In reading about the departed king he seems to have been a good man and good leader. Thailand is somewhat of an economic success story and is growing at a pretty good rate. However, Thailand still has lots of poverty despite a booming tourism industry and I think there must be other reasons why he is so publicly and prolifically mourned. The country is under a military government since 2014 and there are some serious conflict between the upper class elites in Bangkok and the many poor of the rural north. I think King Rama IX was someone everyone liked and he helped keep the country together. I read one expert saying the the business community honors the king so much in order to keep the status quo and avoid a revolution of the majority poor. The king didn’t have much real power, although the family is super rich. The son, the soon to be King Rama X, is not as competent as his father was as royalty and I read where he spends most of his time living a lavish lifestyle abroad.It will be interesting to see if he can grow into the position and use the good will of his father to maintain peace in the country.
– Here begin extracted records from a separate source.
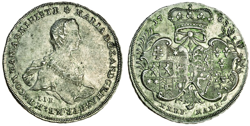 Germany, Hanau-Münzenberg, Wilhelm IX of Hesse-Cassel under regency of Mary of England (1760-64), Half-Taler or 20-Mark, 1763, bust of Maria right, signed I.I.E. below, rev. two crowned shields, D below (for Charlotte Rebecca Damiset) (Hoff.5021; KM.91; Schütz 2039), very fine
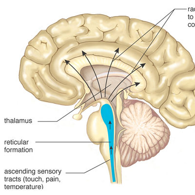The reticular formation is the powerhouse portion of the brain, mostly found in the brain stem. There are multiple clusters of nuclei, each responsible for different things. The reticular formation is the primary regulator of arousal and consciousness. During sleep, the center normally suppresses the individual’s level of consciousness. Efferent fibers from the reticular formation can convey sensory information to the cortex of a sleeping individual, which would awaken that person.
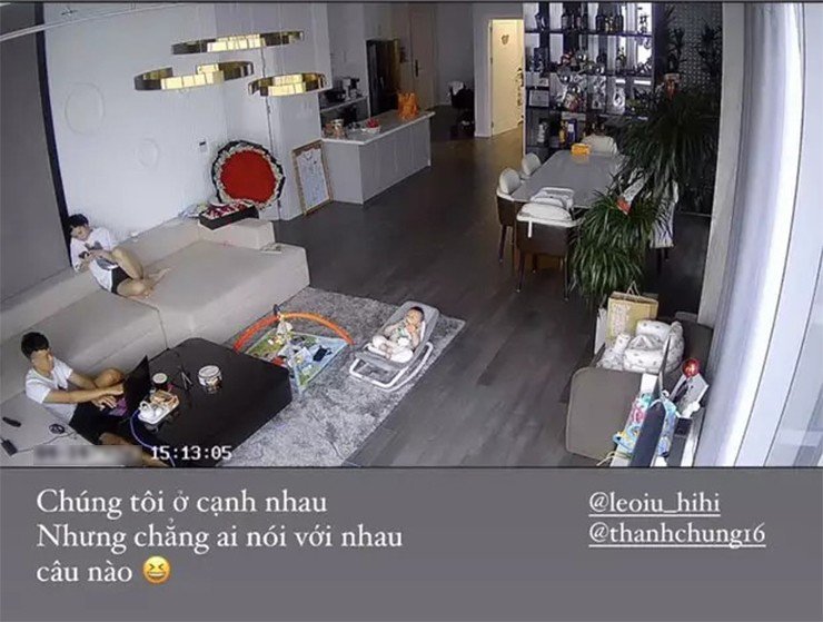 Trên Story Instagram cá nhân, hot girl Ngô Tố Uyên – vợ cầu thủ Thành Chung – gây chú ý khi đăng tải đoạn trích từ camera một buổi chiều bình thường của gia đình. Trong khi con nằm trên nôi, cô và chồng cầu thủ mỗi người một góc sô pha, ai làm việc nấy. “Chúng tôi ở cạnh nhau nhưng chẳng ai nói với nhau câu nào”, cô hài hước chia sẻ.
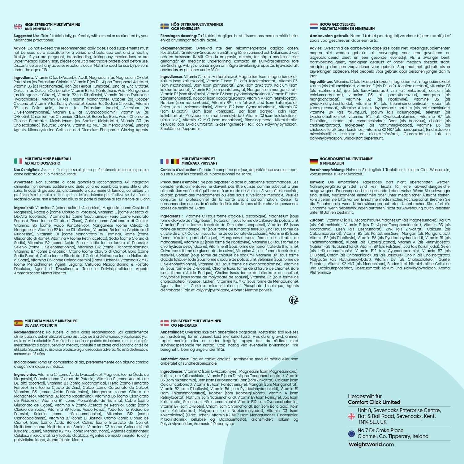 • 27 vitamins and minerals in one tablet: According to EFSA vitamin D plays a role in the process of cell division and contributes to the maintenance of teeth. Zinc contributes to normal cognitive function and potassium to maintain normal blood pressure. Copper contributes to normal iron transport in the body and iron contributes to normal oxygen transport in the body. Biotin contributes to the maintenance of hair and skin and choline contributes to the maintenance of normal liver function.

I am not sure when the military will be allowing elections again. They stepped in and took over because the opposition “red” party won over the traditionally ruling elite, “yellow” party. Why won’t the same thing happen in the next election? I would like to see the lives of the many poor of Thailand improve and it is my wish for them to maintain the economic growth and include more of the underclass in growth experienced in other areas of the economy.

Hurray for Singapore!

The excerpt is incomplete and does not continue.